Abstract

This book sets out to answer a question that is often asked about the relationship between the systematic deportation and murder of Europe’s Jewish population in the ‘Final Solution’ and the German military effort on the Eastern Front. Since, according to Yaron Pasher, an estimated 700,000 to one million were deported eastwards in 1942 alone, there must be a prima facie case for arguing that at times and for certain operations, the Jewish deportations must have had a substantial impact on German military effectiveness.

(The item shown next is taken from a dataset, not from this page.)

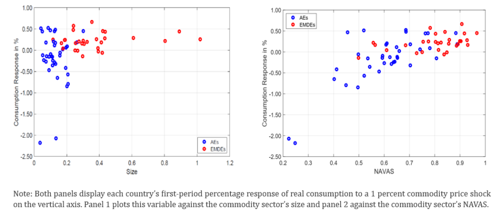 Another, more direct, way to look at the relationship between NAVAS and consumption is to show the relationship between the NAVAS (horizontal axis) and the correlation between countries’ cyclical consumption and commodities’ terms of trade (CTOT) (Figure 2, panel 2). The relationship is clearly positive, meaning that countries with a more interconnected commodity sector (higher NAVAS) tend to display stronger correlation between aggregate consumption and commodities terms of trade. While most EMDEs (in red) tend to be on the upper-right corner, suggesting higher correlation of consumption with CTOT and higher NAVAS than in AEs (in blue), some AEs (for example, Norway, Australia, New Zealand, Canada) have larger NAVAS and co-movements than many EMDEs (for example, Bulgaria, Hungary, Poland, South Africa), again consistent with Figure 1, panel 2.
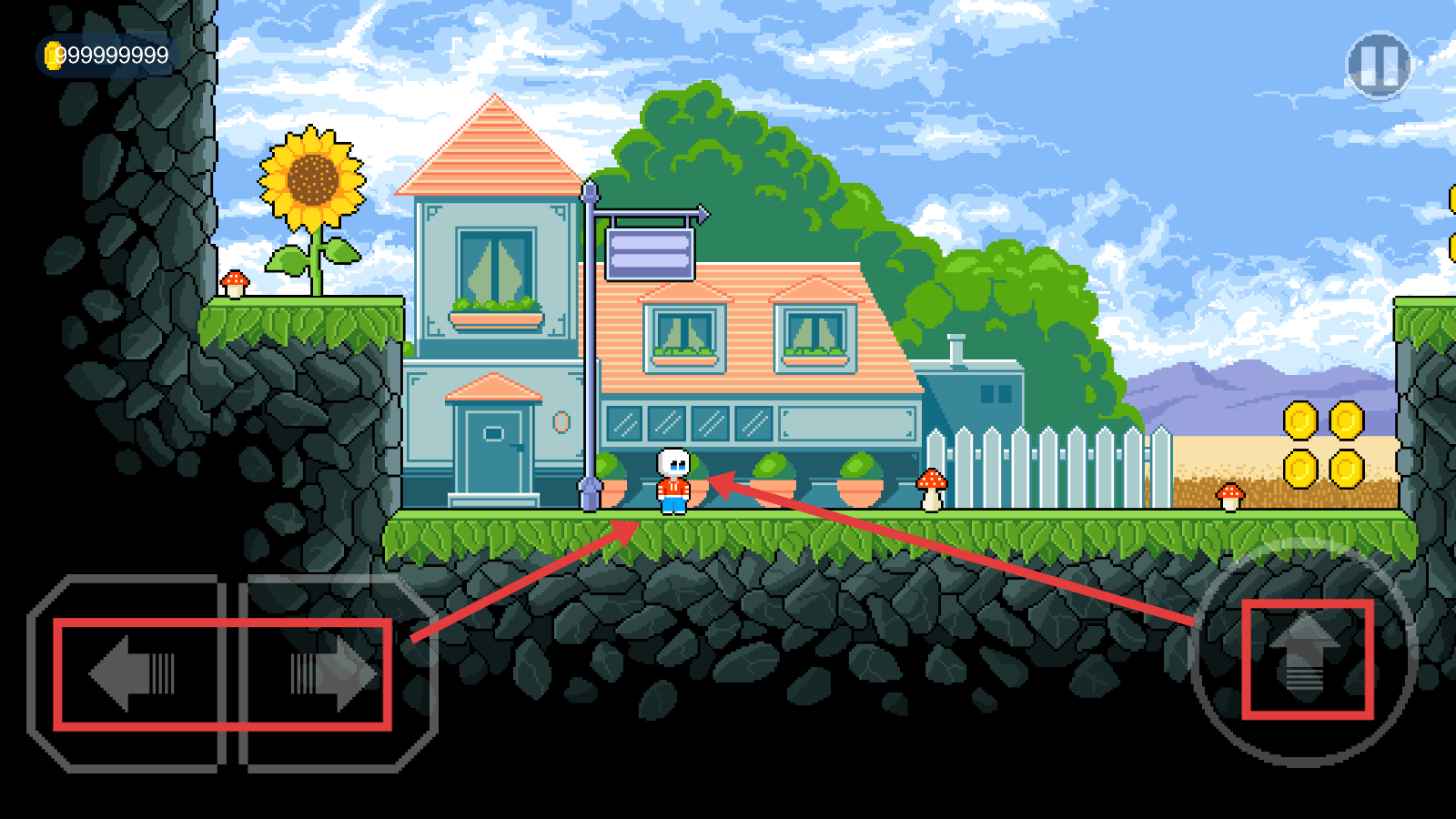 2、游戏中利用左下【左右箭头】控制移动,右下【跳跃键】跨越障碍,熟悉操作提升流畅度。

This is a difficult case to prove because it is based on an untestable counterfactual: if more trains had been available would the German army have used them and would it have made a difference? Pasher concludes that at key moments it would have made a difference. He suggests that a couple more divisions moved up to the Moscow front in late 1941 might have enabled the Germans to take Moscow; he poses the hypothesis that an extra division at Stalingrad might have saved the 6th Army, though this seems on the face of it implausible. He also suggests that German logistics, unexpectedly reliant on horses on the Eastern Front, suffered from the diversion of cattle trucks to move Jews, which could instead have moved horses and fodder to Russia, or later on could have supplied the German army in France, where it struggled to cope with a rail network constantly under attack. He cites occasional complaints from military commanders who thought the deportations hampered short-term movement of resources for the army as further evidence that the deportations were a strategic mistake.
This argument begs a great many questions and it is not helped by the nature of the evidence that Pasher mobilizes. Much of the book gives a sketch of German strategy and operations based heavily on secondary sources. A rich list of archive sources can be found at the end of the book, but the notes show that archives have been used very sparingly despite the overwhelming amount of evidence available for every aspect of German operations and supply on the Eastern Front. A closer examination of particular operations and the organization of supplies would have given Pasher the opportunity to test his hypothesis more rigorously and to rely less on the published literature. There are also problems with the argument itself. The number of locomotives and trucks involved in the deportations has to be set alongside the total movement of rail-borne resources over time. The Reichsbahn moved millions of people around Germany and occupied Europe every week of the year. As a percentage of these passenger-miles over a three-year period, the deportations would look very small indeed. Nor is it the case that the Jewish deportations alone cost railway time; over these three years some seven million foreign workers and POWs were moved to the Reich; by 1944 some eight million evacuees had left Germany’s major cities to escape the bombing. This was a continent on the move and, awful though the experience of deportation was compared with other transports, it constituted a small fraction of overall movement by rail.
There is a case to be made that the deliberate mass murder of Europe’s Jews deprived the German war economy of a large quantity of skilled labour, which was in short supply by 1943. This too is a negative effect difficult to test, and the regime never shrank from seizing labour resources wherever they could be found. Counterfactual calculations of loss are much harder than calculating the gains made by expropriating Jewish homes, furnishings, wealth, and property, about which there is firm evidence of the net addition the Jewish persecution made to the German war effort. Pasher has certainly opened up the terms for a discussion of the negative impact of Jewish deportations on German military operations, but the thesis will need a more convincing set of proofs before anything more concrete can be said about what that relationship might be.